We live in a world now where nothing is as it seems, where people say one thing but do another.

Those who state they abhor plastic surgery then wear balaclavas as they go for their next Botox hit.

Those who say they are fat and happy, but who are having gastric bands fitted in secret

Those politicians who vote for comprehensive education but then quietly send their own kids privately

Those women who extol the works of Andrea Dworkin or Naomi Wolfe whilst reading 50 Shades of Grey through the anonymity of Kindle

People who witter away about the joys of being single, whilst trawling dating sites every night.

And any idiot knows that Spotted Dick is a pudding and not an STD. On that last point I am aware of pressure some time back to have it called Spotted Richard, on the grounds it had sexual overtones. Thankfully someone, somewhere, resisted it, or the lobby gave up.

Only last week the BBC admitted to editing out certain racial words from the Classic sitcom Fawlty Towers on the basis they might now cause offence. What a ridiculous air brushing of history. We cannot start editing the past to fit the here and now. The Holocaust is something that makes me shudder, but should we now cease to mention it and bleep out all references to it on the basis it might offend people, not least the Germans. I like the Germans and have no issues. Good God ( sorry blasphemous of me ) but we British did some pretty ghastly things in the days of Empire, but I see no reason to spring clean those elements out . Nor does it make me embarrassed to be British. It is what it is.

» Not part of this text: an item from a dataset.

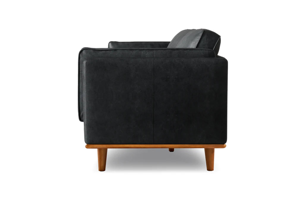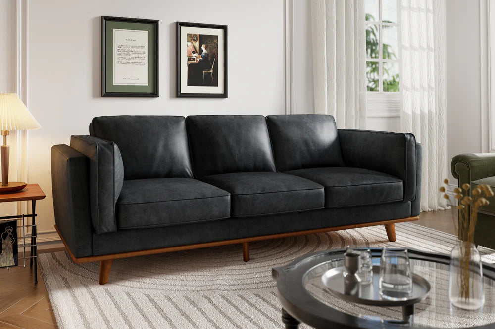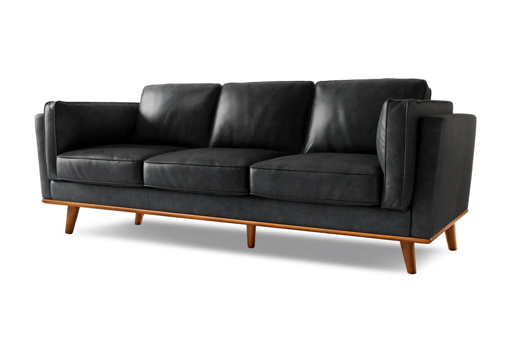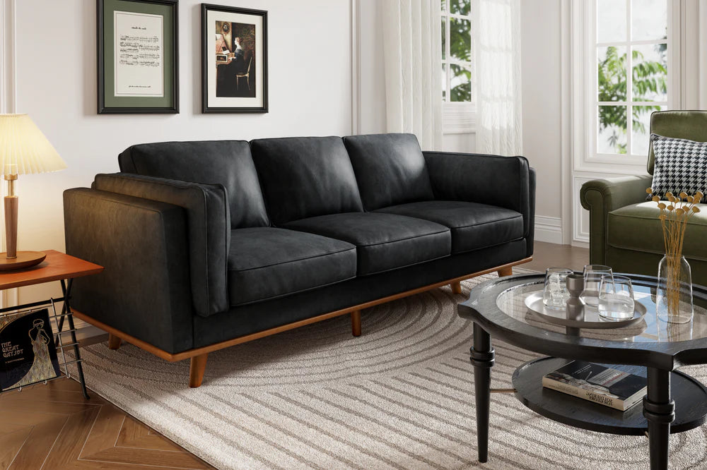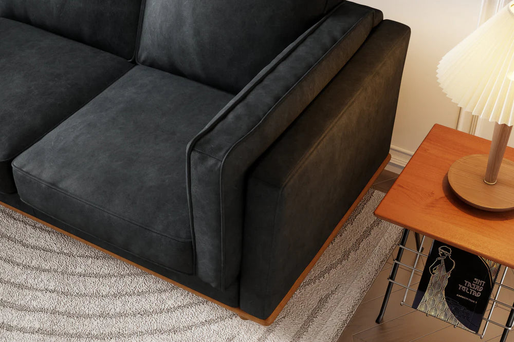 Experimenta la fusión perfecta del diseño moderno con nuestra Colección de Cuero Artesanal. El sofá de cuero Artesanal de ancho extra con base de madera de roble complementa sin esfuerzo cualquier espacio de vida gracias a su diseño de primera calidad. Su estética moderna y minimalista trasciende las tendencias, creando un aspecto atemporal que solo se vuelve más cautivador con el tiempo. El rico y cálido color negro complementado con patas de alder atraerá la atención de cualquiera que contemple su belleza y se siente en sus divinos cojines de espuma de alta resiliencia. Convierte tu hogar en una obra maestra atemporal con el Sofá de Cuero Artesanal de Ancho Extra.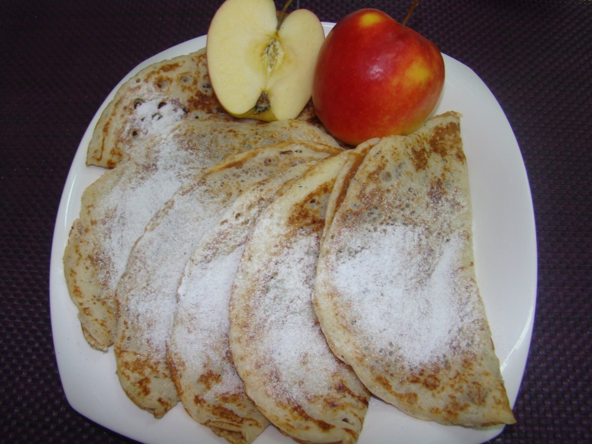Clatite dospite cu mar PrecedentulUrmătorul DesertFoarte ușor1 oră Trimite unui prieten Printează pagina Adresează o întrebare autorului Postează o poză cu rețeta gătită de tine Ingrediente 8 500 g faina alba 1 litru lapte 1 ou 2 lingurite de sare 2 linguri zahar 1 cubulet de drojdie pentru umplutura: 2-3 kg mere 300 g zahar 2 lingurite pudra de scortisoara

What happened to simply living, speaking, writing and acting in a straightforward way?  And what happened to tolerance. Or perhaps a better question is what happened to common sense, since the world seems to tolerate some horrific things, yet change only seems to occur at the margins and with daft stuff like potato crisps.

And some out there would like to class me as nuts!! It’s enough to turn me Bipolar. Drat – I already am.

The one positive to come out of the Virgin Mary crisps debacle is that the company ditching them gave the surplus packets to the homeless. Good for them. I wonder if the Catholic lobby group did as much for the same downtrodden. Doubt it somehow.

Rant over ! Feel so much better!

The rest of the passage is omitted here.